Amid the violent change of state policy which took place at the Restoration. Bunyan early apprehended disastrous proceedings against the Puritans, and thought it prudent to do what he could to avert them within the sphere of his own itinerancies. He had hitherto preached in all sorts of places where he could obtain congregations, and had even been admitted to the pulpits of the parish churches; but he now renounced everything which could be construed into clerical pretension, and held his meetings only in such humble modes and in such obscure places as were least likely to provoke remark. Yet he saw the entire religious liberties of his country to be at stake, and early learned that nonconformist preachers in all quarters were voluntarily succumbing into silence; and he felt bound, for the sake of his brethren and for the sake of the truth itself, to maintain as full a show of independence as could at all comport with prudence. "Many preachers," says the old extant manuscript life of him, "fled because they were hirelings, and cared not what became of the flock so they got their fleeces. But our true champion stood, resolved not to let go what God had so mercifully put into his hands.
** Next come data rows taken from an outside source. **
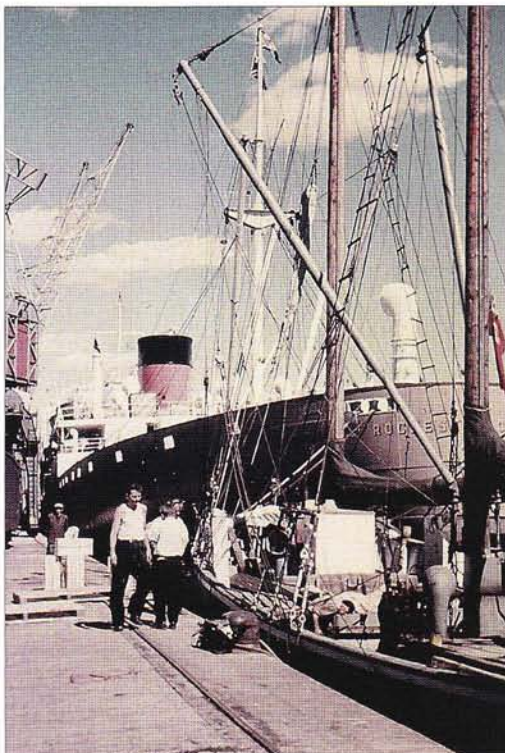
Ellan och brittiska Rochester Castle i Oslo.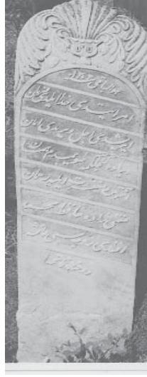
Fotoğraf 4. Müftüzade Hafız Muhammed Efendi zevcesi Aişe, 1885, Büyük Mezarlık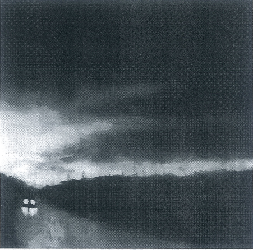
Töre ÖNER "Muğlak 2",2025, 45x45, Tuval Üzerine Yağlı Boya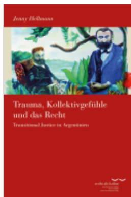
Trauma, Kollektivgefühle und das Recht Ladenpreis: 50,40EUR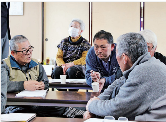
今後の地域づくりを考える貴重な時間になりました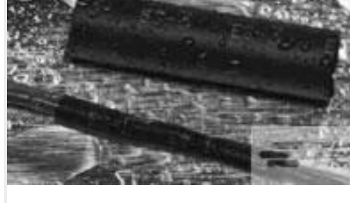
TE 产品编号CX2740-000 ES2000-NO.3-B8-0-130MM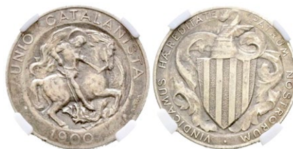
1572 ALFONSO XIII (1885-1931). 1 Peseta. (Ar. 5,00g /23mm)*. 1900. Unión Catalanista. Talleres Vallmitjana. (Cal-2019-134). Encapsulada por NN Coins AU 58. * Peso y medidas teóricos. 200 €

Las propuestas regionalistas catalanas tienen su origen en el descontento de ciertos sectores de la sociedad ante la Constitución de 1876. Todas estas corrientes consiguieron ser canalizadas en 1891 en la llamada Unión Catalanista, una amalgama de asociaciones y entidades, en ocasiones de ideología dispar, que nunca llegó a cristalizar en un partido político propiamente dicho aunque hicieran un intento algo tardío por presentarse a las elecciones de 1903, cuando ya eran un movimiento sin apenas eco en la política catalana. Aun así, no fue hasta el estallido de la Guerra Civil cuando se certificó su desaparición. Con el fin de recaudar fondos y también con cierto carácter conmemorativo, se tomó la decisión en el año 1900, de acuñar unas medallas de claras influencias modernistas que, dadas sus similitudes en módulo, metal y peso con las monedas contemporáneas terminaron siendo usadas como tales en pequeños círculos cercanos a estas asociaciones, adquiriendo desde estos momentos un sentido de moneda para el que realmente no fueron acuñadas.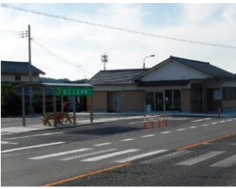
▲新しくなった近江土山駅舎の全景

平成29年度から、新名神高速道路を利用して土山から南草津駅までのコミュニティバス直通便を一日4往復運行し、大津・京阪神方面へのアクセスが充実しました。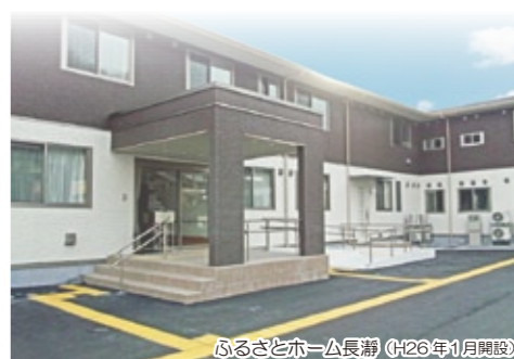
ふるさとホーム長瀬 (H26年1月開設)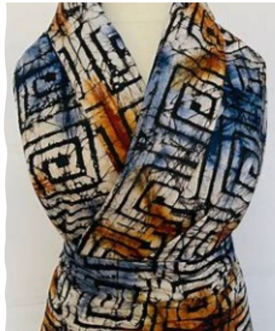
Adire, Stoff der Yoruba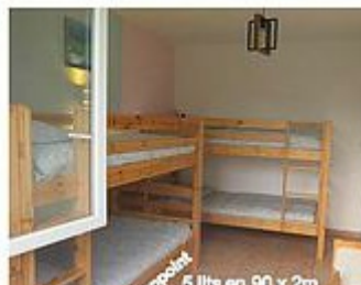
5 lits en 90 x 2m 1 lit junior 70 x 140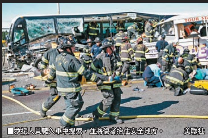
救援人員爬入車中搜索，並將傷者抬往安全地方。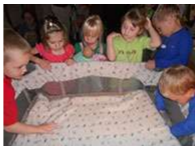
图63.孩子们最后将装饰品装到 Pack ‘n Play 上。

在婴儿项目的最后环节，孩子们列出了一份学习清单，他们把自己在这个项目中所学到的东西都列了上去。然后，他们将这份清单放在通向教室的走廊里，这样家长和客人就能看见他们学到了很多东西：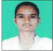
समिधा काटकर 91.17%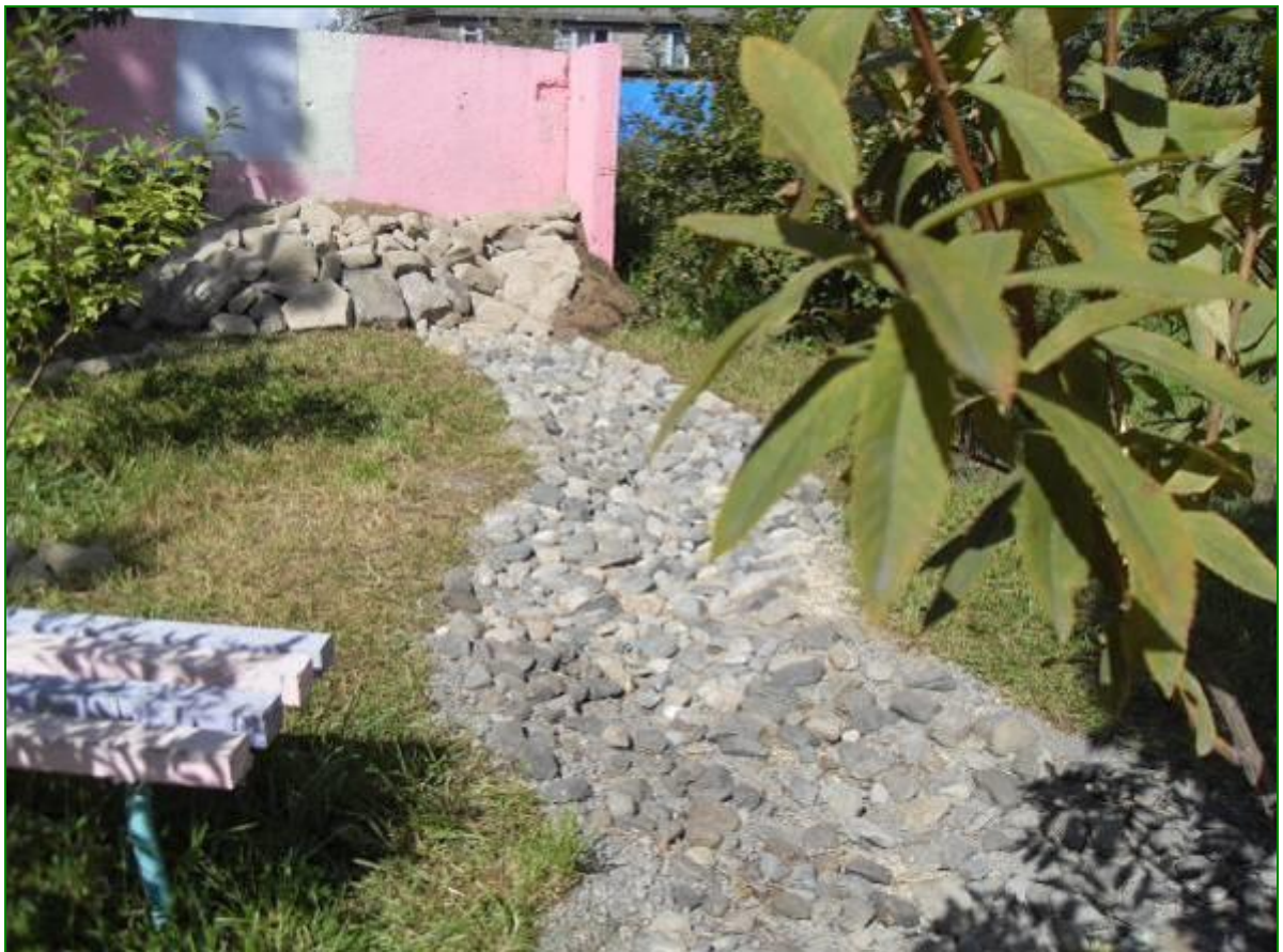
Начальная стадия по сооружению сухого ручья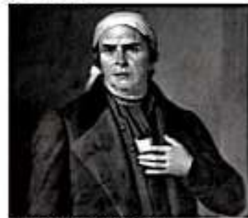
Retrato de José María Morelos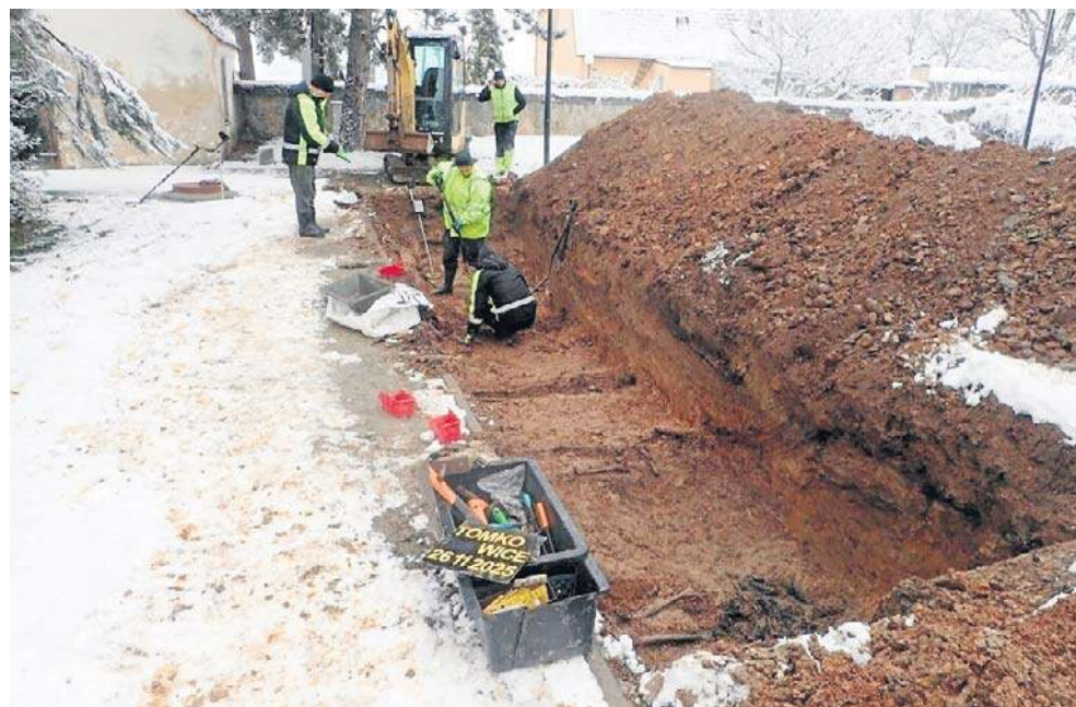
Badacze odkryli szczątki niemieckich żołnierzy pod cywilnymi mogiłami

- Według dokumentów archiwalnych, na cmentarzu ewangelickim w Tomkowicach (wówczas Thomaswaldau) w 1945 roku pochowano ponad 70 niemieckich żołnierzy. Do dziś na powierzchni nie zachowały się żadne ślady grobów z tamtych czasów, a teren został przeznaczony na nowe pochówki w ramach obecnego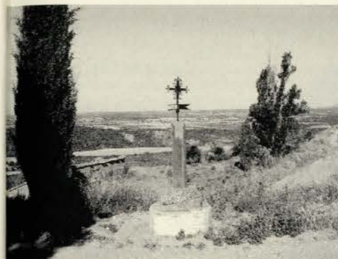
Crucero en San Román

Con la finalidad de acercarnos a la ermita de la Virgen de la Sierra, tomamos una pista dirección norte que parte unos metros más arriba de la salida del pueblo. En dicha pista hay tramos en los cuales sube con fuerte pendiente ganando altitud con rapidez, lo cual nos permite disfrutar de una bella panorámica, también podemos observar el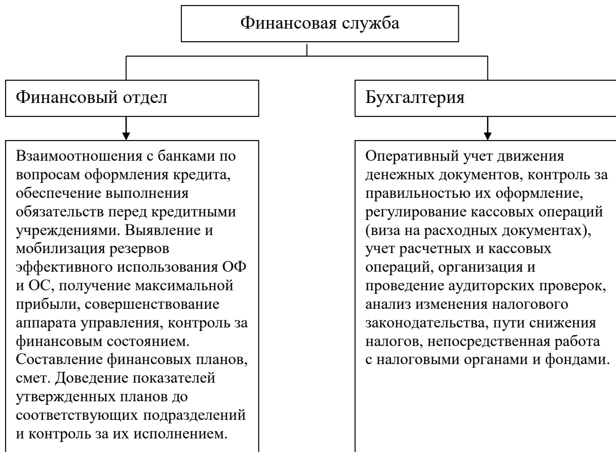
Рисунок 2 – Функциональная структура финансовой службы ООО «Интернет Решения»

Выполняя свои главные задачи в области управления финансами финансовые службы организации могут исходить из разной мысли управления.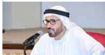
البلاد | إبراهيم النهام

« د. السويدي: “الرحم الامطناعي” بوابة إلى مرحلة “ما بعد التكاثر”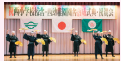
5年生による「伊江島の村踊」を披露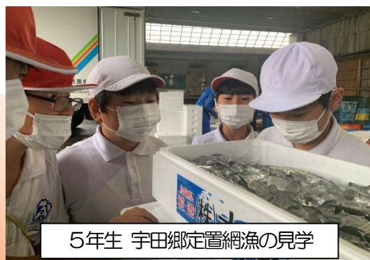
5年生 宇田郷定置網漁の見学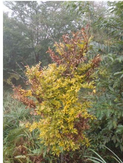
ブナは他の木よりもいち早く、黄葉していました。カミキリムシに枝がかじられたため、一部の葉が茶色になっていました。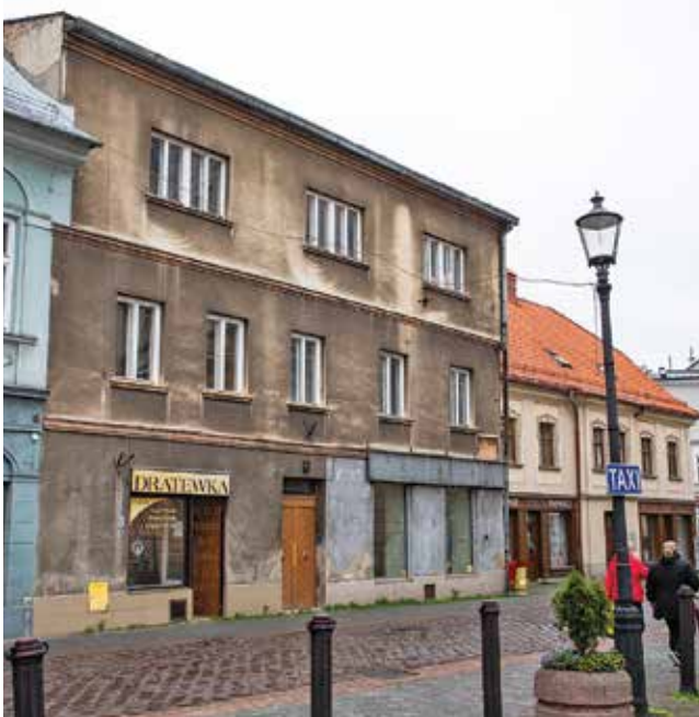
W tej kamienicy będzie działać Akademia Wiedzy Istotnej

Akademia Wiedzy Istotnej powstanie w ramach programu Rewitalizacji obszarów miejskich w Bielsku-Białej na lata 2014-2020. Będzie działać w budynku przy ul. 11 Listopada 56 / ul. Głębocka 5 jako miejsce edukacji i integracji społecznej.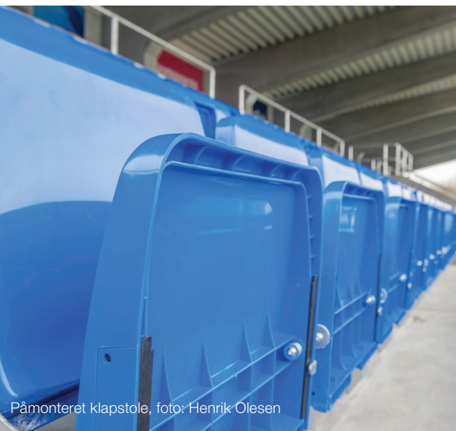
Påmonteret klapstole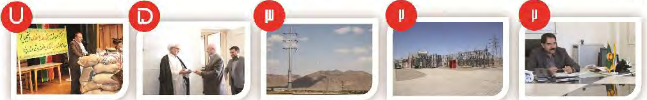
تقدیم بیش از ۵۰۰ تنه شربید در صنعت آب و برق کشور به جمهوری اسلامی ایران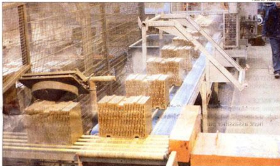
Déjà produite à La Séguinière, la brique de structure monmur l'est également à Saint-Laurent-des-Autels et le sera aussi bientôt en Vendée

L'investissement est de 20 millions d'euros et le nombre d'emplois supplémentaires prévus pour cette activité, qui complètera celle des tuiles de couverture et des briques de cloison, est de 30 à 40 personnes.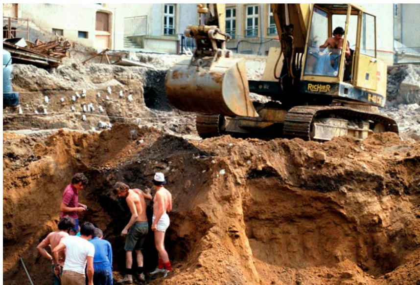
4 - Une course de vitesse inégale et désespérée des fouilleurs face aux pelleteuses (sauvetage urgent des Hauts-de-Sainte-Croix, Metz, juin-juillet 1983).

des III e -II e s. av. J.-C.), les délais deviennent difficiles à tenir. Les conditions de fouille se dégradent du fait qu'une entreprise de terrassement ne respecte pas les accords conclus. Le groupe initial est rejoint par une équipe de préhistoriens déterminés. Le conflit larvé avec l'aménageur se radicalise : accepter de nouveaux compromis ne conduit-il pas à cautionner la destruction de la bourgade gauloise à l'origine de la ville romaine, sans pouvoir l'étudier ?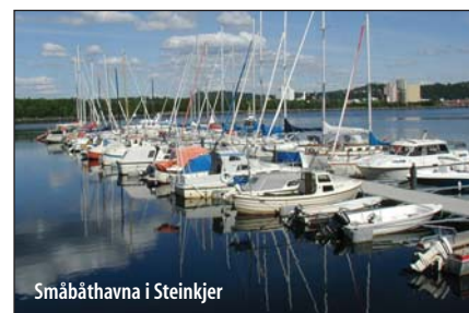
Småbåthavna i Steinkjer

NGU har som en oppfølging foretatt en kartlegging av miljøgifter i jorda på opplagsplasser og pussesteder for småbåter på land i de samme 10 småbåthavnene, i tillegg til Skansen i Trondheim. I de tidligere undersøkelsene er det ikke lagt vekt på forurensningskilder på land. Jorda som er prøvetatt, kan lett spres til sjøen og dermed forurense sedimentene. Det er lett tilgjengelige masser som kan spyles vekk under pussearbeid, renne ut i sjøen under regnvær og forflyttes under snømåking. NGU samlet inn 87 prøver fra 11 småbåthavner i 2004.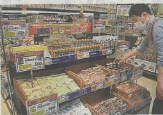
「あなたが選ぶ!じものスター誕生」の販売コーナー。16日午前、浜松市東区のMV浜松和田店

商品を販売する企画「あなたが選ぶ!じものスター誕生」を県内の21店舗で始めた。県伊豆、東部、中部、西部の各5〜6店で、それぞれの地元産品を30日まで販売する。人気商品は8月から、対象全21店で売ります。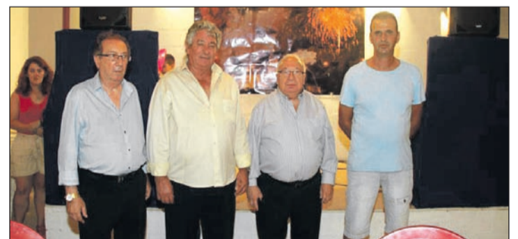
La hermandad entre la Federación Malagueña de Peñas y la Asociación de Feriantes de Málaga se ratificaba el pasado lunes con la visita del presidente de los peñistas a la caseta de esta entidad.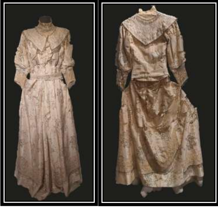
Fotoğraf No 4: Gelinlik Ön ve Arka Görünüm

İlgili Koleksiyon : Samsun Büyükşehir Belediyesi Kent Müzesi Sergi Koleksiyonu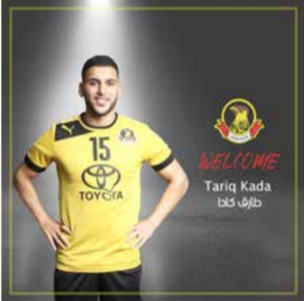
الإعلان الترحيبي للاعب بحساب النادي الرسمي

تؤدي إلى هبوطه مجدداً لدوري الدرجة الثانية.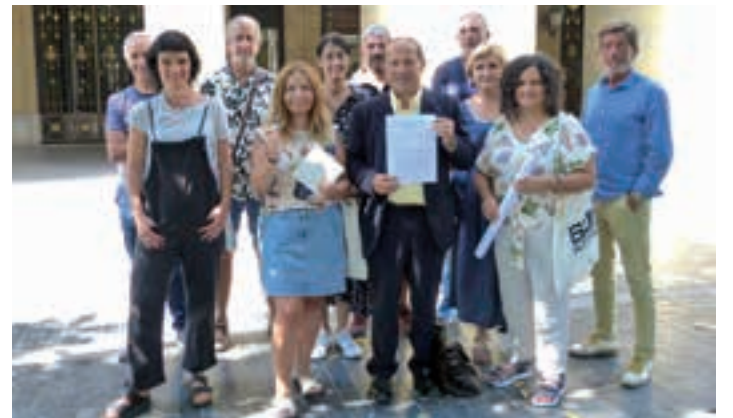
Herri plataformak Aldundian alegazioak aurkeztu zituen unean. AIURRI

Bestalde, gaiarekin zerikusia duten eragile guztiei gonbitea egiten die "andoaindar guztien interesak kontuan hartuko dituen bide bateratuari ekiteko. Bihartik aurrera, plataformak helburu hori lortzeko lan egingo du".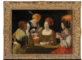
Le Tricheur à l'As de Carreau Georges de La Tour 1635, Huile sur toile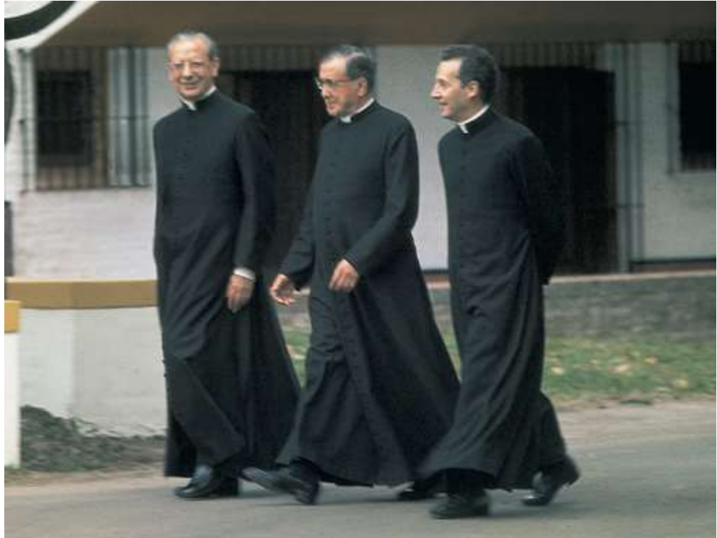
Tarikatın kurucusu Josemaría Escrivá (ortada), Escrivá'nın halefi Don Álvaro del Portillo (solda); tarikatın üçüncü piskoposu Javier Echevarría (sağda)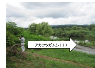
図2 アカツツガムシの生息する河川敷 (矢印より川に近い水際に生息域)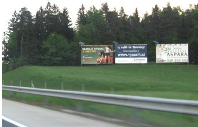
Slika 1: Prenasičenost obcestnega prostora z oglaševalskimi panoji

Za turiste in potencialne turiste, ki se v Slovenijo pripeljejo s cestnim vozilom, predstavlja prvi stik z našo državo cesta in njen obcestni prostor. V veliki večini so to avtoceste in hitre ceste, ki na ta način predstavljajo velik potencial za informiranje voznikov o bližini turističnih destinacij. V to kategorijo ne spadajo veliki oglaševalski panoji, ki s svojimi kričečimi barvami, dostikrat neumestnimi besedili in predvsem neustrezno izbranimi lokacijami postavitev odvrtajo pozornost voznikov od vožnje in s tem ogrožajo prometno varnost. Ne moremo tudi mimo estetskega vidika – oglaševalski panoji agresivno posegajo v obcestni prostor, ki je dostikrat celo agrarno zemljišče... Skrajni čas je, da se zavemo, da cesta vendarle ni medij za oglaševanje!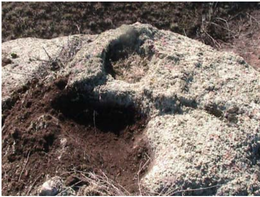
Фото 16. Чашечный жертвенник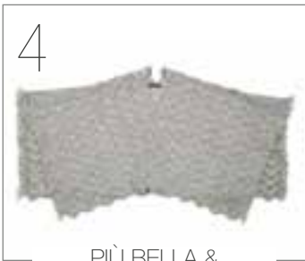
PIÙ BELLA & LACE SETA MULBERRY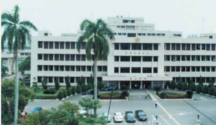
民國79年完成E棟大樓。

本院成立於民國41年元旦，原為陸海空軍肺病療養院，44年改為陸軍第1肺病療養院，73年經行政院衛生署納入「全國醫療網計畫」，以原有院區更新改建，為榮民（眷）及地方民眾提供現代化之醫療環境。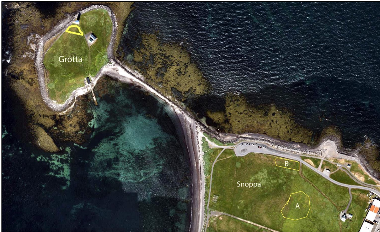
5. mynd. Kríuvörp á Snoppu og í Gróttu. Loftmynd af vef Seltjarnarnesbæjar.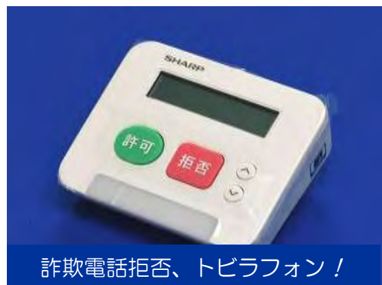
詐欺電話拒否、トビラフォン！

「トビラフォン」は詐欺電話と思われる電話の着信を自動的に拒否してくれます。「自動通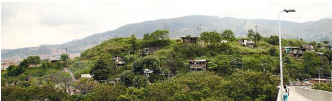
Figuras 2 y 3. Comparación del frente del Morro de basuras, año 2004 – año 2011. A. desconocido / ©2011 Daniel Viadé.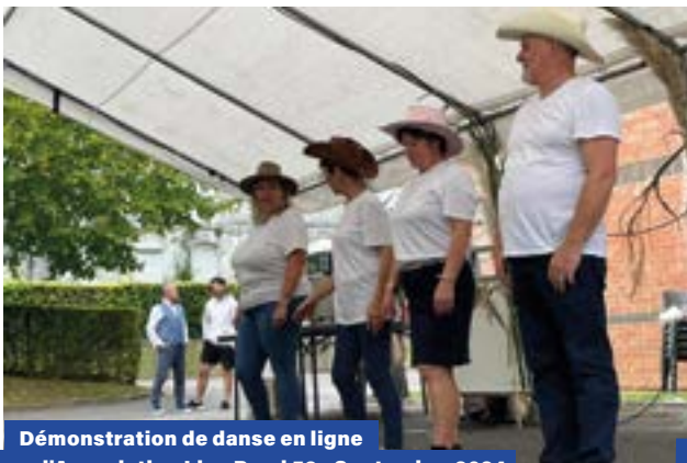
Démonstration de danse en ligne par l'Association Line Road 59 - Septembre 2024

Yet that he might not appear contemptuous to the government he lived under, he thought fit to move in this with caution, and therefore assembled more privately, sometimes in a barn, at other times in a milk-house or stable, and indeed such convenient places as they could, to avoid giving offence; considering it not the place that God regards, but the purity of heart and intention. But these places were not so secret but prying eyes got an inlet; and some disturbances they had by the order of the justices, with louder threats, that, if they repeated the like again, they must expect to find no favour. He finding he could not go on with his proceedings here, resolved, as it was commanded the apostles in such cases by our blessed Saviour, to fly unto another city or place; and so, acquainting most of his hearers whither he intended to retire, many followed him; and in his journeyings, he visited many at their houses, and gave them consolation, arming them with a steady resolve to be patient in suffering, and trust to God for their reward."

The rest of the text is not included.